> Exercise instructions: A verbatim transcript of the data below is required, images omitted.

> Source material:
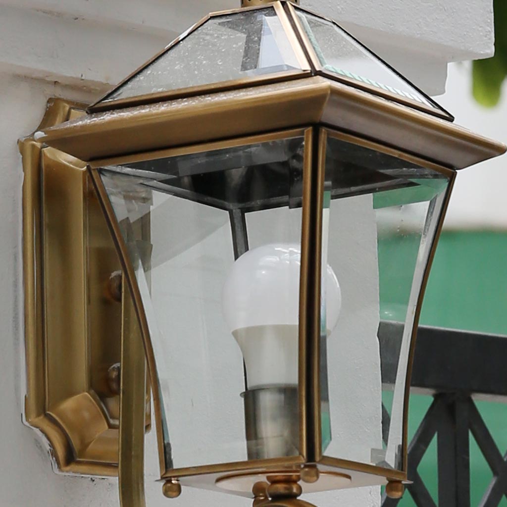 Mẫu đèn tường ngoài trời có thiết kế cổ điển đơn giản, với vật liệu chính từ hộp kim. Sản phẩm được sơn màu vàng bóng bền màu, có khả năng chống nước và thích hợp để trang trí ngoài trời. Mẫu đèn tường cổ điển được nhiều căn hộ, biệt thự sử dụng để chiếu sáng cổng ra vào, mái hiên hay 2 bên cổng chính. Chất liệu hoàn thiện cao cấp và ánh sáng ấm cúng cho gia đình bạn.
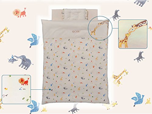 - (1)掛けカバー(102㎝×128㎝) (2)掛けふとんヌード(95㎝×120㎝) (3)掛けふとんヌード(95㎝×120㎝) (4)マクラ(33㎝×19㎝) (5)敷きふとん(70㎝×120㎝) (6)敷きふとん用シーツ(70㎝×120㎝) (7)防水シーツ(70㎝×120㎝) (8)キルトパット(70㎝×120㎝)
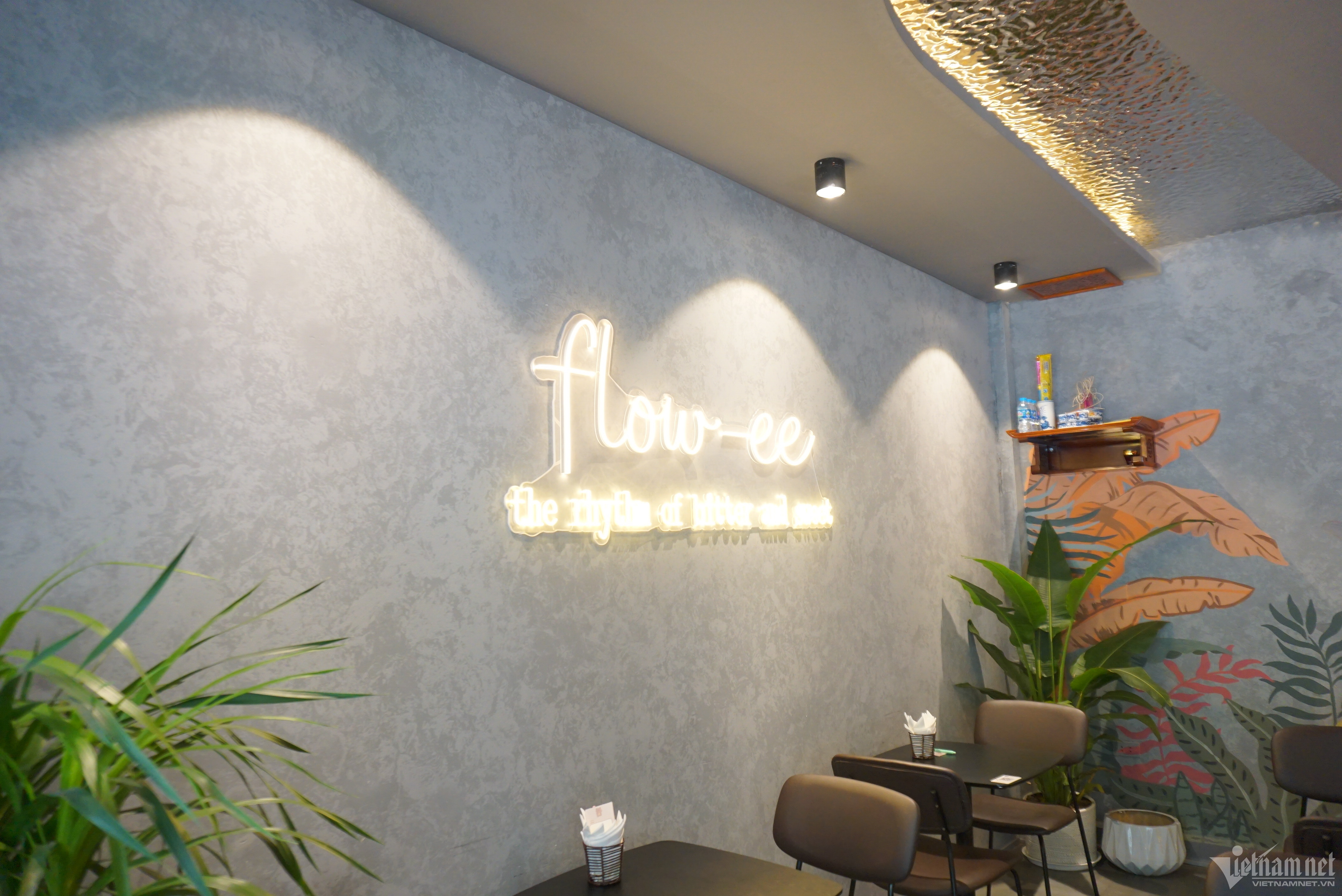Cái tên Flow-ee có nghĩa là dòng chảy. Dòng chảy của nước, của thời gian, của âm nhạc, hay của cuộc sống. Mọi thứ đều sẽ có nốt thăng, nốt trầm, lúc lên, lúc xuống. Nếu như cuộc sống đã bắt những người khuyết tật phải đối diện với rất nhiều khó khăn, thì cũng sẽ có những cơ hội khác được trao đến, để họ có thể tìm thấy những niềm vui và những âm thanh của riêng mình. Hoà nhịp cùng với cái tên, màu sắc chủ đạo của quán là màu xám và vàng. Màu xám thể hiện cho những góc trầm khuất, còn màu vàng thể hiện cho sự tươi vui và hy vọng.
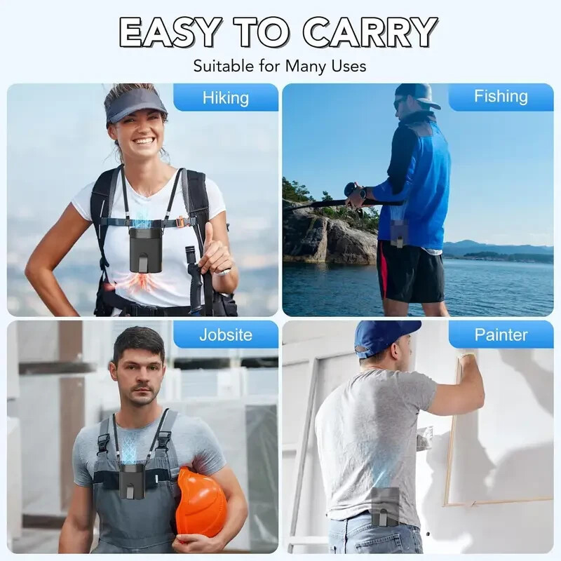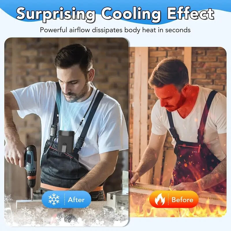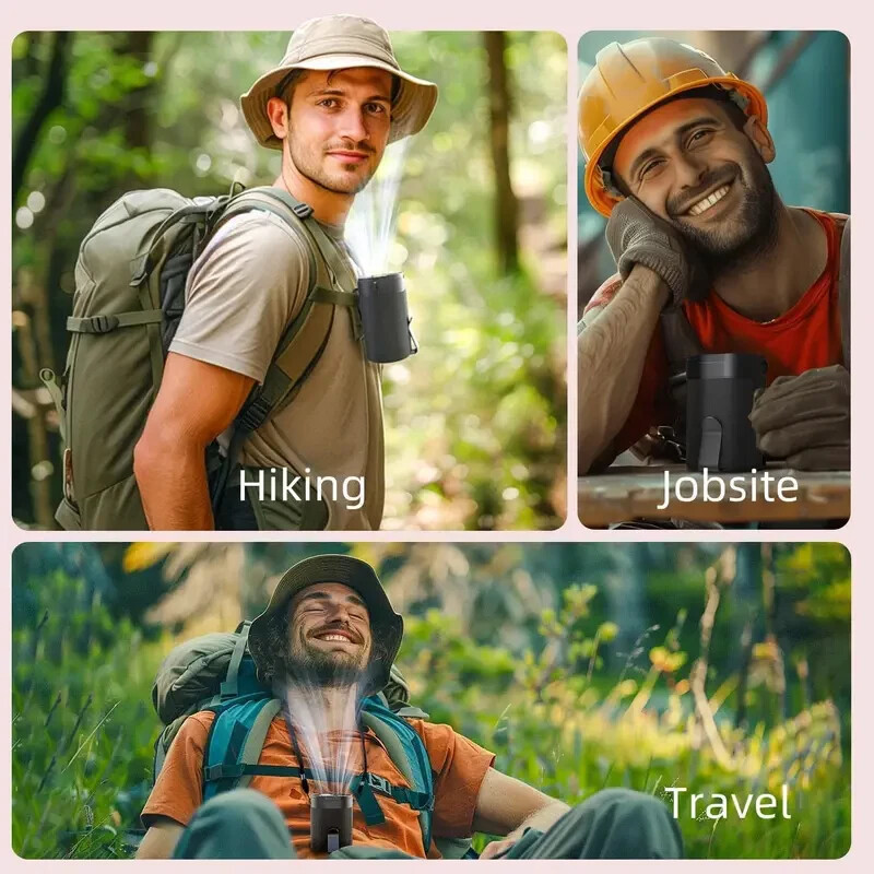 4-in-1 Wearable Cooling: Use as a waist fan, neck-hanging fan (lanyard included), desktop unit, or handheld fan

> Task solution:
 Mẫu đèn tường ngoài trời có thiết kế cổ điển đơn giản, với vật liệu chính từ hộp kim. Sản phẩm được sơn màu vàng bóng bền màu, có khả năng chống nước và thích hợp để trang trí ngoài trời. Mẫu đèn tường cổ điển được nhiều căn hộ, biệt thự sử dụng để chiếu sáng cổng ra vào, mái hiên hay 2 bên cổng chính. Chất liệu hoàn thiện cao cấp và ánh sáng ấm cúng cho gia đình bạn.
 - (1)掛けカバー(102㎝×128㎝) (2)掛けふとんヌード(95㎝×120㎝) (3)掛けふとんヌード(95㎝×120㎝) (4)マクラ(33㎝×19㎝) (5)敷きふとん(70㎝×120㎝) (6)敷きふとん用シーツ(70㎝×120㎝) (7)防水シーツ(70㎝×120㎝) (8)キルトパット(70㎝×120㎝)
Cái tên Flow-ee có nghĩa là dòng chảy. Dòng chảy của nước, của thời gian, của âm nhạc, hay của cuộc sống. Mọi thứ đều sẽ có nốt thăng, nốt trầm, lúc lên, lúc xuống. Nếu như cuộc sống đã bắt những người khuyết tật phải đối diện với rất nhiều khó khăn, thì cũng sẽ có những cơ hội khác được trao đến, để họ có thể tìm thấy những niềm vui và những âm thanh của riêng mình. Hoà nhịp cùng với cái tên, màu sắc chủ đạo của quán là màu xám và vàng. Màu xám thể hiện cho những góc trầm khuất, còn màu vàng thể hiện cho sự tươi vui và hy vọng.
 4-in-1 Wearable Cooling: Use as a waist fan, neck-hanging fan (lanyard included), desktop unit, or handheld fan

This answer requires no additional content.